_Dataset records_
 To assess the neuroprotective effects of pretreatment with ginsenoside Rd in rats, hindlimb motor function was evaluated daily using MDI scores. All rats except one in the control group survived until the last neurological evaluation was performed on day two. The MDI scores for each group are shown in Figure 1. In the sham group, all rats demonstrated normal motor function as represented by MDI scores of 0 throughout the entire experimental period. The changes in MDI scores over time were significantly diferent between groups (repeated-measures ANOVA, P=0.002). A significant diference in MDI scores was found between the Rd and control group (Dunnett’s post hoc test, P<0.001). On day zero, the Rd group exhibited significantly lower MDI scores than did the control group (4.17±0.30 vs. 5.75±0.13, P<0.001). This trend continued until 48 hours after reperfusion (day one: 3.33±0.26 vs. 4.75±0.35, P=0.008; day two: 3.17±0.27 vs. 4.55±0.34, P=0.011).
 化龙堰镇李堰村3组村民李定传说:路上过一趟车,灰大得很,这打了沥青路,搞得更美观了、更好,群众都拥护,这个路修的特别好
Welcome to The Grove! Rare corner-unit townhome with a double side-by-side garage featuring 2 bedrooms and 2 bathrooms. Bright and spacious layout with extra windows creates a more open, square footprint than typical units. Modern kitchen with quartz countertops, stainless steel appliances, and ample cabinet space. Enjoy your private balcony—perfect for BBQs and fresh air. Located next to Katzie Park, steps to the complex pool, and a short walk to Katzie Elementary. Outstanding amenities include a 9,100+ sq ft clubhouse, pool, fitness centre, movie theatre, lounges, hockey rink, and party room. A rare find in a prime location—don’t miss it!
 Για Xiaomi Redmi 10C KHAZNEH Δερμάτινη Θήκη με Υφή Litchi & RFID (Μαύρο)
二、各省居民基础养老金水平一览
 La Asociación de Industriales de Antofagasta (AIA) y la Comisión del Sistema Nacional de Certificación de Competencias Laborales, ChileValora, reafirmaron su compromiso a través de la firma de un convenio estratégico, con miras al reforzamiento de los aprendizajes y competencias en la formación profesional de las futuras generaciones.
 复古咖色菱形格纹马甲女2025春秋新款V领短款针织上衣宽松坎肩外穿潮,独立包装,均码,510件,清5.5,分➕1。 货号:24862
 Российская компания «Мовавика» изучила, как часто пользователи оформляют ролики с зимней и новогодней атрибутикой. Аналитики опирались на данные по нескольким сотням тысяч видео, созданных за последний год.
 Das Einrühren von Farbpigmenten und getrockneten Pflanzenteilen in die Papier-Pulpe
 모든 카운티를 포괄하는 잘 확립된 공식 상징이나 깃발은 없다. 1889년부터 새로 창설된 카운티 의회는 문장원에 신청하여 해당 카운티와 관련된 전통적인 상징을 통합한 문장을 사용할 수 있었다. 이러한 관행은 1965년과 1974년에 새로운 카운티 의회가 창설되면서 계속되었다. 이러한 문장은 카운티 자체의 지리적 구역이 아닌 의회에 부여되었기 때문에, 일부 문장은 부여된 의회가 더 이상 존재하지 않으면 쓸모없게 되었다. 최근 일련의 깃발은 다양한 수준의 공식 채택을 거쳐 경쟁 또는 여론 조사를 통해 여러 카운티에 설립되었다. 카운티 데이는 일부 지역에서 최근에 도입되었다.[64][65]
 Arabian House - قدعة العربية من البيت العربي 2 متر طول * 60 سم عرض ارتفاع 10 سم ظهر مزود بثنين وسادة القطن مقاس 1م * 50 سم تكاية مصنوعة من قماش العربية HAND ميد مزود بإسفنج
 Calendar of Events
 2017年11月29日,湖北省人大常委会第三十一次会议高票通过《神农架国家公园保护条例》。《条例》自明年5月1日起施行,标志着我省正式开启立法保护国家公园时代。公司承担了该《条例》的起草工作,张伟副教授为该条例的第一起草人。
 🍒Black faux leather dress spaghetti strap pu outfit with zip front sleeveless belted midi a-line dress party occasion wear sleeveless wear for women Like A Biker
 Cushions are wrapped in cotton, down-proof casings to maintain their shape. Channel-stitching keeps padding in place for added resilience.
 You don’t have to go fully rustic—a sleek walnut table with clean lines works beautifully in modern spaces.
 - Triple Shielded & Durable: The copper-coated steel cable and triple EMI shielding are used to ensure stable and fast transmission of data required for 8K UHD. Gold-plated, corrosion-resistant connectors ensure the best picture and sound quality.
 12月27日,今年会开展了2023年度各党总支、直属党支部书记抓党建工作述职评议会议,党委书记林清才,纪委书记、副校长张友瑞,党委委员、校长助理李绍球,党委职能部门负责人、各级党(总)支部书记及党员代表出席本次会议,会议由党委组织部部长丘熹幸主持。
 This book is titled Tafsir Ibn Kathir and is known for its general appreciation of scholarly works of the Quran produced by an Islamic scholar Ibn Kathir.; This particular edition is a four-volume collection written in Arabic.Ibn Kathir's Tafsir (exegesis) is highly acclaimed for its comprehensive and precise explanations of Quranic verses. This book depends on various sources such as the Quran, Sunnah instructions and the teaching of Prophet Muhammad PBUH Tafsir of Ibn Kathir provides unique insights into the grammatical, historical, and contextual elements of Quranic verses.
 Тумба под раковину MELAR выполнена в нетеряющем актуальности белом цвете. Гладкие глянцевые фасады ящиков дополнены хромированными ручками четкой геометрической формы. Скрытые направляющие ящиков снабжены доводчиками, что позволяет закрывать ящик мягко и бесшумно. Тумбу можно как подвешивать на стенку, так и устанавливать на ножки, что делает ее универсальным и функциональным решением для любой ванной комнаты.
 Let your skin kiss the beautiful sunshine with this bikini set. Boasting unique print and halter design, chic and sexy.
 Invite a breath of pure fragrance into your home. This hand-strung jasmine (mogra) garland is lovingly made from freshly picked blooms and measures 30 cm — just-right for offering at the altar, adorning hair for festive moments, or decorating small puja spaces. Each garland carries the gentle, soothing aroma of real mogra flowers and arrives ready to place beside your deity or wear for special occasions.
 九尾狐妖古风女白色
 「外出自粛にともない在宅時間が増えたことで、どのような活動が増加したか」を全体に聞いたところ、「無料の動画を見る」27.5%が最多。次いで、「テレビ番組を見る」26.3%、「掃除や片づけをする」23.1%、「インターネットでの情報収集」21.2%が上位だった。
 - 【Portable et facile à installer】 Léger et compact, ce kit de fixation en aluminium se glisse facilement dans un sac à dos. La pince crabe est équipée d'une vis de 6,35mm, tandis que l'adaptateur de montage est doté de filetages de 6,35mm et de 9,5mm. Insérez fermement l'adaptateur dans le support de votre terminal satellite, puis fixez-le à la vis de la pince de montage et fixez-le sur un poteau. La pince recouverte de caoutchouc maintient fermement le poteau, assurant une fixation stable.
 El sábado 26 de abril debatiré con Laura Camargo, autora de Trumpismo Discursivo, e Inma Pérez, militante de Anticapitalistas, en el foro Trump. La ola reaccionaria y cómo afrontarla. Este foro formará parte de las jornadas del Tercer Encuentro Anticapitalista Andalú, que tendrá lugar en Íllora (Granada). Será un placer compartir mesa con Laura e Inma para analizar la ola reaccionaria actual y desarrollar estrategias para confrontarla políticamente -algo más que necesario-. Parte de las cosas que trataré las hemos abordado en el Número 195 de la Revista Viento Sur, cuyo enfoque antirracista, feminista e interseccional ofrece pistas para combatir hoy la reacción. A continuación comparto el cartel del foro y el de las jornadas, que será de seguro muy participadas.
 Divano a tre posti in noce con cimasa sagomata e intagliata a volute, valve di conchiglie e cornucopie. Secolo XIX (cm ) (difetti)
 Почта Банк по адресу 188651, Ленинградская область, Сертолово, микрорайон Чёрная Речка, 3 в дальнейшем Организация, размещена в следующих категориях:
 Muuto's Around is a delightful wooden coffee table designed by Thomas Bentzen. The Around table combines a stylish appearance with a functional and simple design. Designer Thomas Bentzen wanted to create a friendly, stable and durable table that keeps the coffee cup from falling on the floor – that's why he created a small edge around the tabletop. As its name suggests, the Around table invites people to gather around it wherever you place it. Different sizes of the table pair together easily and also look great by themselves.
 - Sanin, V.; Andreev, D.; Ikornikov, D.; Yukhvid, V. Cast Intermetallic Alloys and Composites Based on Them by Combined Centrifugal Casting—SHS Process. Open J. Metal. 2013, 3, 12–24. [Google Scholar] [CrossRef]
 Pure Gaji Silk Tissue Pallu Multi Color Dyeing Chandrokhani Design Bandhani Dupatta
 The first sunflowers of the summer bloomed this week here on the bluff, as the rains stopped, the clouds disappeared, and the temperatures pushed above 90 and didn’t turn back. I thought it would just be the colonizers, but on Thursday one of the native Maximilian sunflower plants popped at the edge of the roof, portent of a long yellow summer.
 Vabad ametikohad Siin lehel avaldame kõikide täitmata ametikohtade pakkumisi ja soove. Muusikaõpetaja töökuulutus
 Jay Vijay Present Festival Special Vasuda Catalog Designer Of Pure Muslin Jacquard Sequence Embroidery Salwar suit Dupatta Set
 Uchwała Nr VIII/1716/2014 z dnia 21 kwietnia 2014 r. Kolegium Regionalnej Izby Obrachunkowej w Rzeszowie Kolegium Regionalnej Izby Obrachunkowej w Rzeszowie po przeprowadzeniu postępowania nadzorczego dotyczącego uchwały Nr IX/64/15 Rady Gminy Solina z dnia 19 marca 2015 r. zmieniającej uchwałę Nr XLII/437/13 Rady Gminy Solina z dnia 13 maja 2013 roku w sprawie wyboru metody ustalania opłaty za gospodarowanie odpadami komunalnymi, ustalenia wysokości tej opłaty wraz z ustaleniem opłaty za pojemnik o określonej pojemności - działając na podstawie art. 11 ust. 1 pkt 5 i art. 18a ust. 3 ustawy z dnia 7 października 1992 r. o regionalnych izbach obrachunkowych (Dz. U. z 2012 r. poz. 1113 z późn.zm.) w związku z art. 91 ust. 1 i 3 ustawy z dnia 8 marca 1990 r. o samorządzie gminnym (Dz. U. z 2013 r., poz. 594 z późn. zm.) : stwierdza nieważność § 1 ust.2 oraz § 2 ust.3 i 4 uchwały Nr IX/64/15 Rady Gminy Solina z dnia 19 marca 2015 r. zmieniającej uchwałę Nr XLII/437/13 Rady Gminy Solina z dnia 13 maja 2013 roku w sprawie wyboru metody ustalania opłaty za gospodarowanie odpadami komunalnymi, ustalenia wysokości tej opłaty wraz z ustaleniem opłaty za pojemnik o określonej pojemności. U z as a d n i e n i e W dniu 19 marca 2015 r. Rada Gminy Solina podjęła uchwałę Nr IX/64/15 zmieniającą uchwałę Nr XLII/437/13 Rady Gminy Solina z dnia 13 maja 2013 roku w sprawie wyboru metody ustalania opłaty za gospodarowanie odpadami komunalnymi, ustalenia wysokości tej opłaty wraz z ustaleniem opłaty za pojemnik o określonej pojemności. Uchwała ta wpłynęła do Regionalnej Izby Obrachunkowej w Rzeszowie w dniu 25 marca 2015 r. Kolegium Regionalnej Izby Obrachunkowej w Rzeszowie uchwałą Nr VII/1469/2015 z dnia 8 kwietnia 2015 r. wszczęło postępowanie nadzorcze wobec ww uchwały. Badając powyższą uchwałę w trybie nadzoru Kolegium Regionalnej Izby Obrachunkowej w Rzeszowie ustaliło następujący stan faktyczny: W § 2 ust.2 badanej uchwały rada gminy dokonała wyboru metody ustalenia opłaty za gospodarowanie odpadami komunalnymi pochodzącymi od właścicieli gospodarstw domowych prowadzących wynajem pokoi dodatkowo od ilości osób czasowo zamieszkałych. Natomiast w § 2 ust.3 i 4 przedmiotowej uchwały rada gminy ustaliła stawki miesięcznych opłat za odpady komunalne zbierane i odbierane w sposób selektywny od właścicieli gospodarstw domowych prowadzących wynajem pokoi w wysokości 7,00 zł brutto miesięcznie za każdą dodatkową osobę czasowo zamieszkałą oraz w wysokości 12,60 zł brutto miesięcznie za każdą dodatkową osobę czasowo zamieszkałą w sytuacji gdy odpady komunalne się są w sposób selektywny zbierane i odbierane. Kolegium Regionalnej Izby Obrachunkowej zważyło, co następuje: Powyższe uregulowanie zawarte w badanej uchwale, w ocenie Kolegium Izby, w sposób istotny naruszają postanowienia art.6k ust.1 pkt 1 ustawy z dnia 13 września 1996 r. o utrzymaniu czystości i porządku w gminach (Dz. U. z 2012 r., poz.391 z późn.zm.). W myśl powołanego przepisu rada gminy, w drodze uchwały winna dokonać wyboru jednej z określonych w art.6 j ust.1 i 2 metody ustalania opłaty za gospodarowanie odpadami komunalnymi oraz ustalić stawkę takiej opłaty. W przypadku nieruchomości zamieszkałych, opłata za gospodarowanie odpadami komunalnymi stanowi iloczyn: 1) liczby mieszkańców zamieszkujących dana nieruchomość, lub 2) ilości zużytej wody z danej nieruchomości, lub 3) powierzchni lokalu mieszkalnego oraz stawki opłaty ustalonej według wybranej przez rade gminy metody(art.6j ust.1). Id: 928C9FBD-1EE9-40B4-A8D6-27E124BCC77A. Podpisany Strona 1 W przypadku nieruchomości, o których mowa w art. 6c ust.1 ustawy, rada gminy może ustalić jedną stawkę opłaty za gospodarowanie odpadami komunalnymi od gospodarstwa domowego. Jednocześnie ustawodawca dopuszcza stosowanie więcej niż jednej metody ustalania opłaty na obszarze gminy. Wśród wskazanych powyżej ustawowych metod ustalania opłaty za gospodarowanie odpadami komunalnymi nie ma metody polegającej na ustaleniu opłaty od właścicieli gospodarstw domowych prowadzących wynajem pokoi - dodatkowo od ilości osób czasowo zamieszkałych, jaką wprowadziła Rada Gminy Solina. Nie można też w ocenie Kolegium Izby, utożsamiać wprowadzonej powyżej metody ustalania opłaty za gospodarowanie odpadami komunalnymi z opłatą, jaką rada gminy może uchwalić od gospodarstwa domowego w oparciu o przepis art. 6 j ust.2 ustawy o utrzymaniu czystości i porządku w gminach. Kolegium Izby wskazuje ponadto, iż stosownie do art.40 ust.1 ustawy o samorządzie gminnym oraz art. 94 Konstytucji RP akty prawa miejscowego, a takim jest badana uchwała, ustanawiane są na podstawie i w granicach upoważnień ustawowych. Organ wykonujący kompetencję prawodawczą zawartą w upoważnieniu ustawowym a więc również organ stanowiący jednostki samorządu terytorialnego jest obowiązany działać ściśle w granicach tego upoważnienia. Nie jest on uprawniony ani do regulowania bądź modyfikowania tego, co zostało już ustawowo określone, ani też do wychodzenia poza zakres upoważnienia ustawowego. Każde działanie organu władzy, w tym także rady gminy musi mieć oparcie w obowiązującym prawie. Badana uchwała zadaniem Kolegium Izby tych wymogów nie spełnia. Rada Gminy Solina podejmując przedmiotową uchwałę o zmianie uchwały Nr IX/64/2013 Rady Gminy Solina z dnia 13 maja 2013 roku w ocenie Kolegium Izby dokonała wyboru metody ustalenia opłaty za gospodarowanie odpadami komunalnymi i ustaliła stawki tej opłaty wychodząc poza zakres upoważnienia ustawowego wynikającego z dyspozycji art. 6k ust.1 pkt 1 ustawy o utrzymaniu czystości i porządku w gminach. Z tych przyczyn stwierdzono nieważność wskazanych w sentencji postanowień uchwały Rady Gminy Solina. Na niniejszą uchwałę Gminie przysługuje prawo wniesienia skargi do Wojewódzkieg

_Work request_
What lines in the listing include the string "Dupatta"? Copy them out.

_Exercise result_
 Pure Gaji Silk Tissue Pallu Multi Color Dyeing Chandrokhani Design Bandhani Dupatta
 Jay Vijay Present Festival Special Vasuda Catalog Designer Of Pure Muslin Jacquard Sequence Embroidery Salwar suit Dupatta Set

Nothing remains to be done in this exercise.